Who we share your information with

We may share your data with:

  • Your next school, if you transfer to another school

  • Our local authority, including social workers and public health teams

  • The Department for Education (DfE)

  • Youth support services if you are over 13

  • The police, if necessary

  • Your doctor, if necessary

We do not share your data with anyone without consent unless the law and our policies allow us to do so.

For more information, please see the ‘How Government uses your data’ section.

 

International transfers

We do not routinely store or share personal data outside of the UK or EU/EEA. If data is stored outside these areas, we ensure safeguards like standard contractual clauses are in place.

How Government uses your data

We will share some of your data with the Department for Education (DfE).

 

This includes data for the annual census, your attendance data, and data about your progress and attainment,

 

We share this information for:

·         School funding arrangements, because our funding is calculated on the number of children and their characteristics in each school

·         Education policy monitoring, to see how schools are performing and put interventions in place

·         To research and monitor educational outcomes

 

To find out more about the requirements placed on us by the DfE including the data that we share with them, go to go to https://www.gov.uk/education/data-collection-and-censuses-for-schools

Your personal data will also be added to the National Pupil Database (NPD) which is owned and managed by the DfE.  This data is used for research to improve and promote the education and wellbeing of children in England.
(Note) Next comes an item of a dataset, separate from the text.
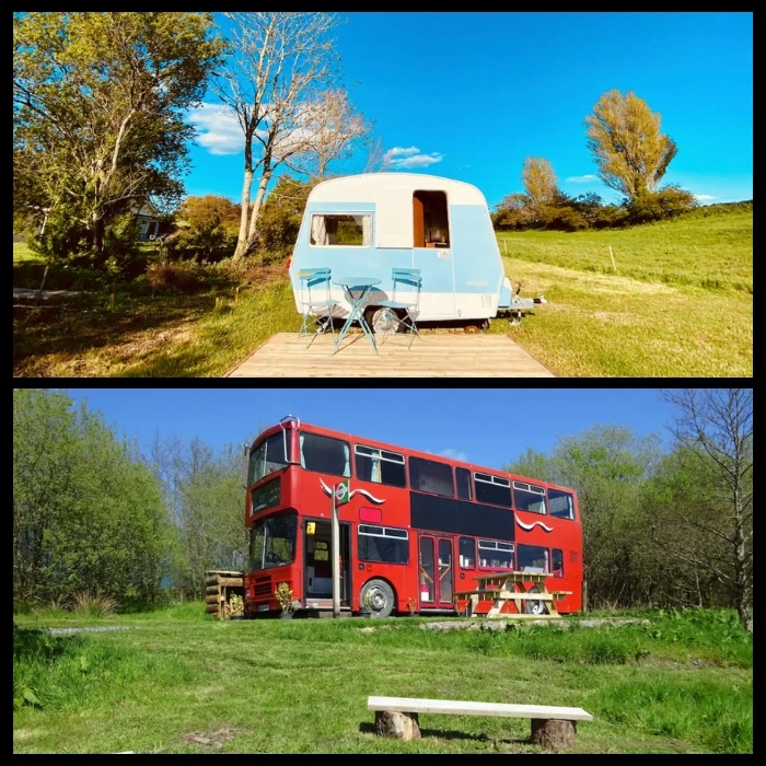 B. A weekend in a double decker bus in Wales https://hichee.com/listings/7920259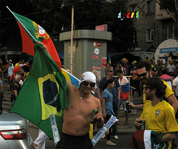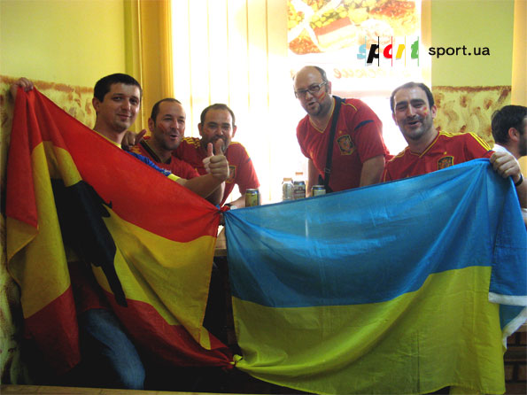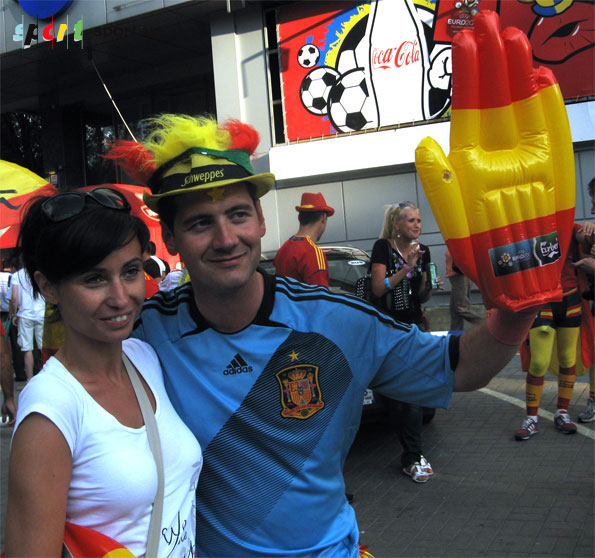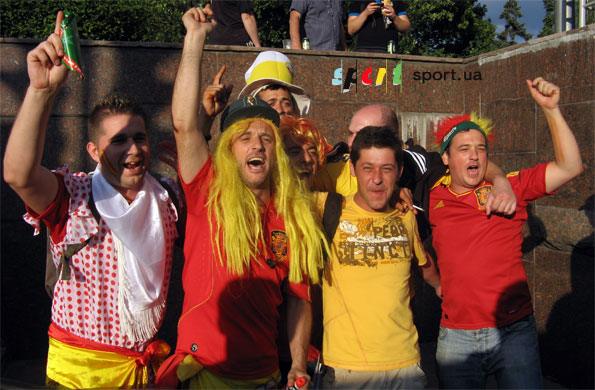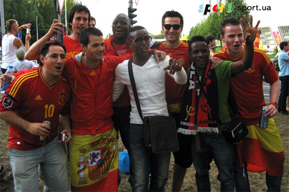 Пока писАлись несколько предыдущих строк, Михаил Шаповалов сообщил, что территория под стадионом уже просто кишит испанскими болельщиками, которые распевают песни, танцуют и фотографируются с «неиспанцами». В общем, атмосфера вокруг матча принимает состояние праздничной. Португальцев, правда, пока немного.

The evidence and data provide DfE, education providers, Parliament and the wider public with a clear picture of how the education and children’s services sectors are working in order to better target, and evaluate, policy interventions to help ensure all children are kept safe from harm and receive the best possible education. 

To find out more about the NPD, go to https://www.gov.uk/government/publications/national-pupil-database-npd-privacy-notice/national-pupil-database-npd-privacy-notice

The DfE will only share pupils’ personal data where it is lawful, secure and ethical to do so. Where these conditions are met, the law allows the Department for Education (DfE) to share pupils’ personal data with certain third parties, including:

  • schools and local authorities

  • researchers

  • organisations connected with promoting the education or wellbeing of children in England

  • other government departments and agencies

  • organisations fighting or identifying crime

 

For more information about the Department for Education’s (DfE) NPD data sharing process, please visit: https://www.gov.uk/data-protection-how-we-collect-and-share-research-data

Organisations fighting or identifying crime may use their legal powers to contact the Department for Education (DfE) to request access to individual level information relevant to detecting that crime.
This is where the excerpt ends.